Hello 👋 Welcome to my corner of the internet. I write here about the different challenges I encounter, and the projects I work on. Find out more about me.
Recently I needed to run a set of headless browsers in parallel. While tuning this up to 75 instances running next to each other, after about 15.000 sessions having completed, I started seeing a variety of errors:
Thread: can't start new thread
OpenBLAS blas_thread_init: pthread_create: Resource temporarily unavailable
ThreadError: can't create Thread: Resource temporarily unavailable
Some of these were raised in the python runtime initiating the selenium sessions, some in other background jobs (ruby) and some in postgres workers.
The common aspect was: there seemed to be no threads available. You can roughly check how may threads are occupied by doing ps x | wc -l
I saw that when restarting the containers, the count would be low, but it would steadily grow into the many thousands. This indicated threads were not being released.

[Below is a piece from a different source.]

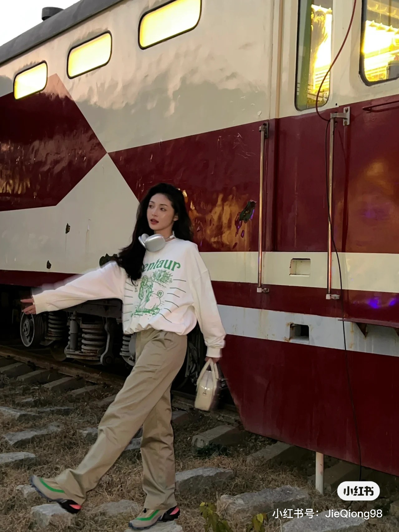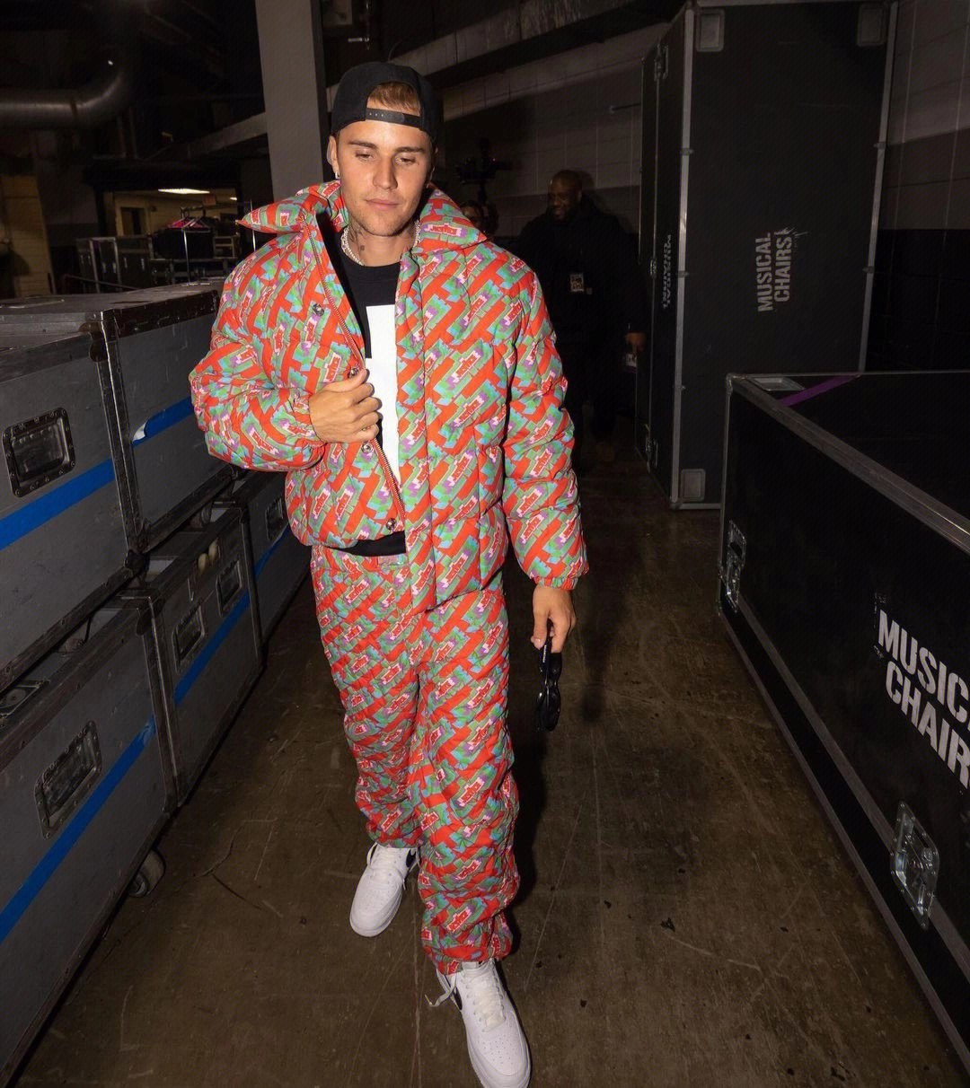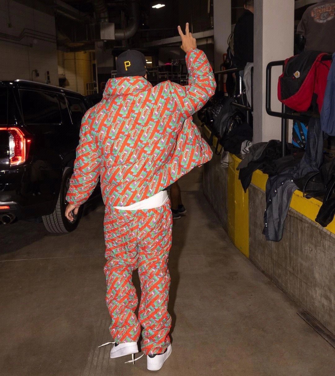 可能自己也知道这身行头不好配鞋,所以选择了一双黑白 Air Foce 1,目前市价在 ¥7xx 左右。

Inspecting the outcome of ps aux, it became clear many of the processes were in fact zombie processes (identifiable by the <defunct>). To see a list of all zombie processes, do:
bash
ps axo stat,ppid,pid,comm | grep -w defunct
A zombie process is a process that has terminated (= is dead) but it still occupies an entry in the process table. When all entries are occupied, none can obviously be given out to new processes, and thus I started seeing errors.
To view the maximum amount of pids/threads on your system or in your container, do:
bash
sysctl kernel.pid_max kernel.threads-max
For me this was ±32.000, and with each browser session leaving behind two zombie processes, the figures added up.
To understand this, we must first understand how zombie processes should get cleaned up. Usually, when a process finishes, it sends a SIGCHLD signal to its parent. The parent process should then clean up those children, i.e. remove them from the process table. Learn more about these POSIX signals here.
Again inspecting the output of ps axo stat,ppid,pid,comm | grep -w defunct you should be able to see the parent process for the defunct processes.
Looking through similar bug reports (of processes not getting reaped), it became clear that quite often processes are simply not implemented to respond to all signals, or specific signals such as SIGCHLD.
In my case, the process was initiated within a buildpack, where PID 1 was a general /start command.
So my hypothesis was that this process did not handle the SIGCHLD signal properly.
This stackoverflow answer made clear that there are general “process supervisor” systems that do handle these process signals properly, and can be prefixed to any other command. I ended up going with dumb-init.
To make it work, we moved from a buildpack based deploy to a dockerfile based deploy, where we could apt-install dumb-init into the container, and then simply do:
ENTRYPOINT ["/usr/bin/dumb-init", "--"]
This makes dumb-init the first process, PID 1, and makes sure the signal can appropriately be handled.
Now, when going into the container at runtime and doing a watch ps axo stat,ppid,pid,comm, no zombie processes are visible anymore, meaning they are being effectively reaped.